Sessions Says He's 'Not Been Improperly Influenced' by Trump

WASHINGTON – House Judiciary Committee Raking Member John Conyers, Jr. (D-Mich.) today joined a chorus of Democrats accusing President Trump of improperly influencing the Russia investigation through his nudging of the Justice Department to investigate Hillary Clinton.

The Justice Department on Monday signaled that it’s considering appointing a second special counsel to explore alleged illicit behavior by the Clinton Foundation and its involvement in the sale of Uranium One to Russian entity Rosatom.

Conyers, during an oversight hearing with Attorney General Jeff Sessions, read off a series of tweets from President Trump. The Michigan Democrat claimed that even President Nixon never would have openly criticized Democrats the way that Trump has.

Conyers cited three separate tweets from Trump on July 24 and Nov. 3, which asked why the “beleaguered” Sessions isn’t looking into “crooked” Hillary Clinton’s crimes and Russia relations.

“Everybody is asking why the Justice Department (and FBI) isn’t looking into all of the dishonesty going on with Crooked Hillary & the Dems…” Trump tweeted on Nov. 3, the same day that he tweeted, “Pocahontas just stated that the Democrats, lead by the legendary Crooked Hillary Clinton, rigged the Primaries! Lets [sic] go FBI & Justice Dept.”

Conyers said he assumed that Trump was referring to Sen. Elizabeth Warren (D-Mass.), who has been repeatedly questioned about claims that she has Native American ancestry.

“When Richard Nixon spoke about us that way, at least he had the courtesy to do it behind closed doors,” Conyers said at the hearing, while accusing the State Department of catering to President Trump’s “political needs.”

Clinton’s State Department was one of the U.S. government entities that signed off on the sale of Uranium One, a Canadian company that represents about a fifth of U.S. production; the 2010 sale was approved by the Committee on Foreign Investment in the United States, which includes representatives from the department of the Treasury, Homeland Security, Justice, Defense, Energy and Commerce, in addition to State and the U.S. Trade Representative. According to reports, several of the company’s owners gave about $145 million to the Clinton Foundation. Trump has accused Clinton of giving away Uranium One to the Russians.

In a radio interview coinciding with his tweets, Trump said that "the saddest thing, because I’m the president of the United States" is "I am not supposed to be involved with the Justice Department."

“I am not supposed to be involved with the FBI. I’m not supposed to be doing the kinds of things that I would love to be doing. And I’m very frustrated by it," Trump added. “Why aren’t they going after Hillary Clinton with her emails and with the dossier, and the kind of money?”

Conyers asked Sessions during the hearing if it’s common for the leader of a country to order the criminal justice system to retaliate against political opponents in a functioning democracy.

“I would say that the Department of Justice can never be used to retaliate politically against opponents, and that would be wrong,” Sessions said.

Conyers then asked Sessions if the president should make public comments that might influence a pending criminal investigation.

“A president cannot improperly influence an investigation, and I have not been improperly influenced and would not be improperly influenced,” Sessions said. “The president speaks his mind. He’s bold and direct about what he says, people elected him, but we do our duty every day based on all of the facts.”

Conyers noted that during his confirmation hearing, Sessions said that the “proper thing” for him to do would be to recuse himself from any questions or details involving investigations into Secretary Clinton or the 2016 campaign.

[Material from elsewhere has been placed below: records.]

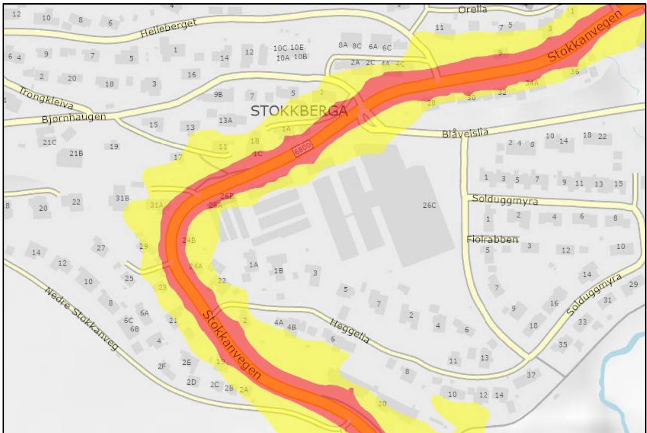
Figur 3-4: Utsnitt fra støysonekart til Statens vegvesen.
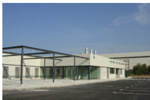
Vista desde el lado aire
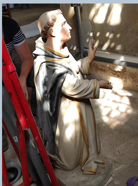
Dépose de saint Dominique
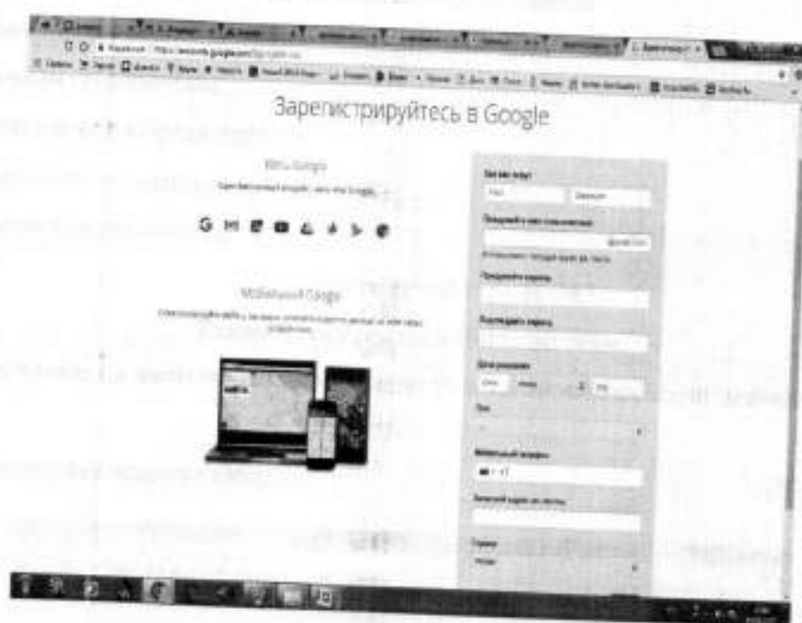
Рис.1. Регистрация в Google
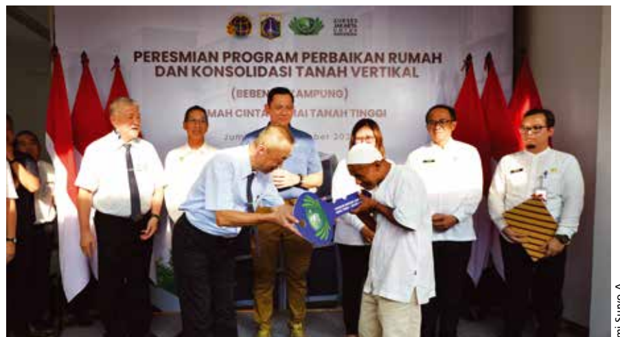
PERESMIAN RUMAH CINTA DAMAI TANAH TINGGI (27 SEPTEMBER 2024)

PENYERAHAN KUNCI DAN SERTIFIKAT TANAH. Tzu Chi Indonesia bersama Pemprov DKI Jakarta, serta Kementerian Agraria dan Tata Ruang/BPN meresmikan Rumah Cinta Damai di Tanah Tinggi, Jakarta Pusat. Rumah Cinta Damai menggunakan model Konsolidasi Tanah Vertikal (KTV) kedua yang dibangun oleh Tzu Chi. Rumah ini terdiri dari empat lantai dengan 12 unit seluas 18 meter persegi yang dihuni oleh 11 keluarga.
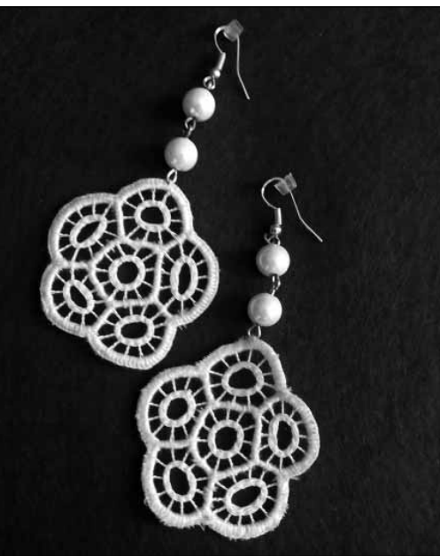
Höveji csipke fülbevaló

Sessions, who was the first senator to endorse Trump, served as a policy adviser for the Trump campaign.

“Are you recused from investigations that involve Secretary Clinton?” Conyers asked.

“I cannot answer that yes or no because, under the policies of the Department of Justice, to announce recusal in any investigation would reveal the existence of that investigation, and the top ethics officials have advised me I should not do so,” Sessions replied.

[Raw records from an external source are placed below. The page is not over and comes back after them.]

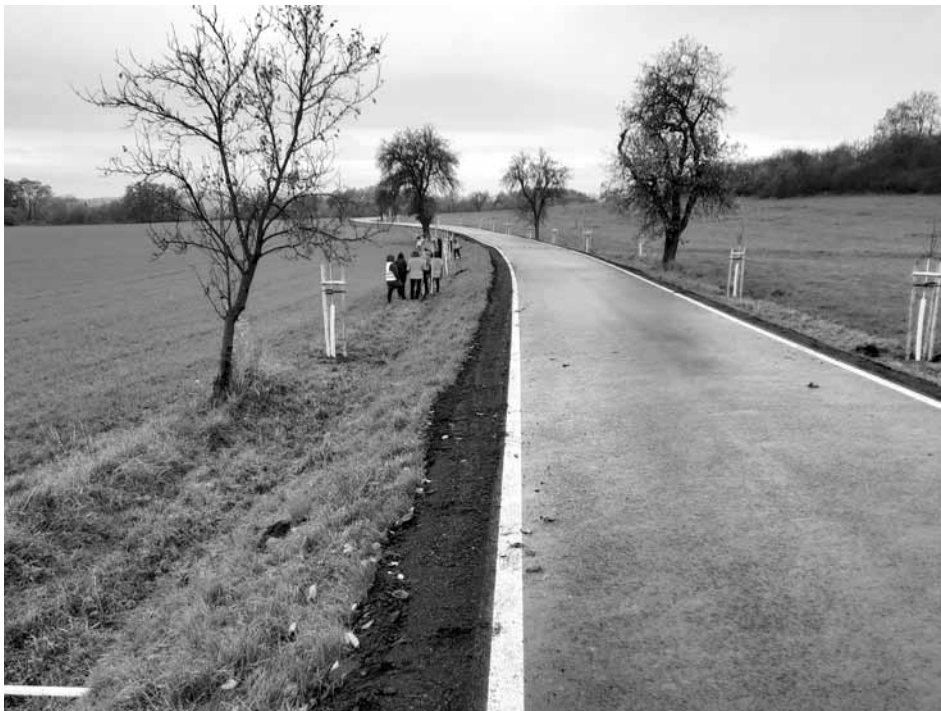
Za asistence pracovníků technických služeb města proběhla výsadba stromořadí podél silnice na Rachvalách dobrovolníky – zaměstnanci společnosti O2.

Na začátku tohoto projektu byl ode mě typ na možnou výsadbu pro občanský spolek ČSOP Klenice. Z typu na výsadbu nám spolupráce přerostla na technickou i praktickou podporu města, a to určením hranic pozemků společně se Správou a údržbou silnic Středočeského kraje, následně jsme se zaměstnanci města vyměřili místa pro jednotlivé stromy, převzali výsadbu a materiál potřebný k oplocení (materiál a sadbu si občanský spolek zařídil sám), rozvezli jsme zajištěný materiál a stromy k výsadbě, pro dobrovolníky jsem řekla odborný výklad o správném provedení výsadby a následně jsem zajišťovala odborný dozor. Dobrovolníky mělo ČSOP Klenice
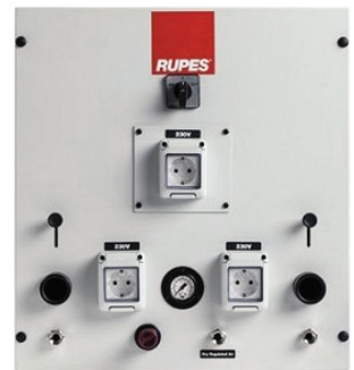
GÖMME MONTAJ İÇİN OTOMATİK FONKSİYONLU TERMİNNALLER
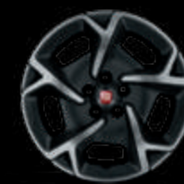
Llantas estilizadas de 40 cm (16") negro mate
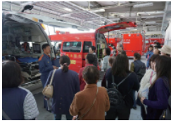
担当の施設説明を聞く先では、訪問先から詳しい説明を受けることができます
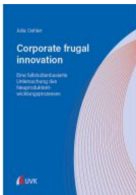
Corporate frugal innovation: Eine fallstudienbasierte Untersuchung des Neuproduktentwicklungsprozesses Ladenpreis: 60,80EUR

Sessions was also asked about Roy Moore, the Republican candidate looking to fill the Senate seat Sessions vacated when he accepted the attorney general role. Moore has been accused by five women claiming that he either sexually assaulted or inappropriately sought out relationships with them while they were teenagers. Sessions told the committee that he has “no reason to doubt these young women.”

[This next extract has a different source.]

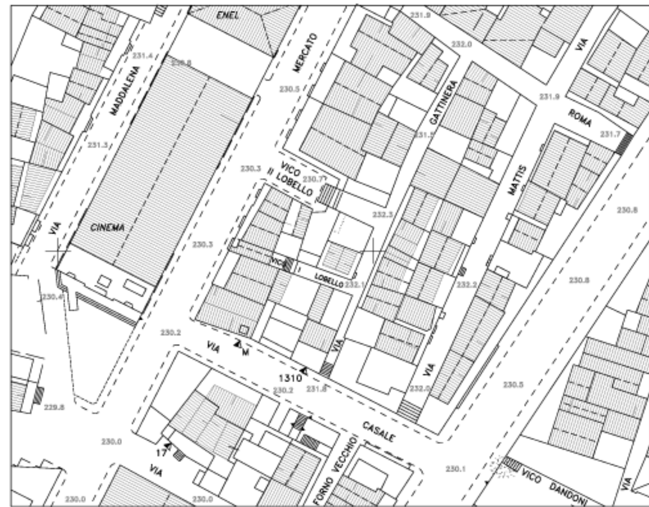
planimetria dello stato di fatto

D1.03 34p RAPP. 1:200 ISOLATO 46 ISOLATO 48 EDILIZIA DAL XVIII AL XIX SECOLO ISOLATO 48 EDILIZIA FINO AL XVII SECOLO

When asked if DOJ would investigate Moore’s actions if he wins the Senate seat, Sessions said, “We will evaluate every case as to whether it should be investigated. This kind of case would be a state case. I would say that the ethics people at the Department of Justice, and I talked to them about that when this campaign started – it’s the seat I used to hold – that they advised me that the attorney general should not be involved in this campaign.”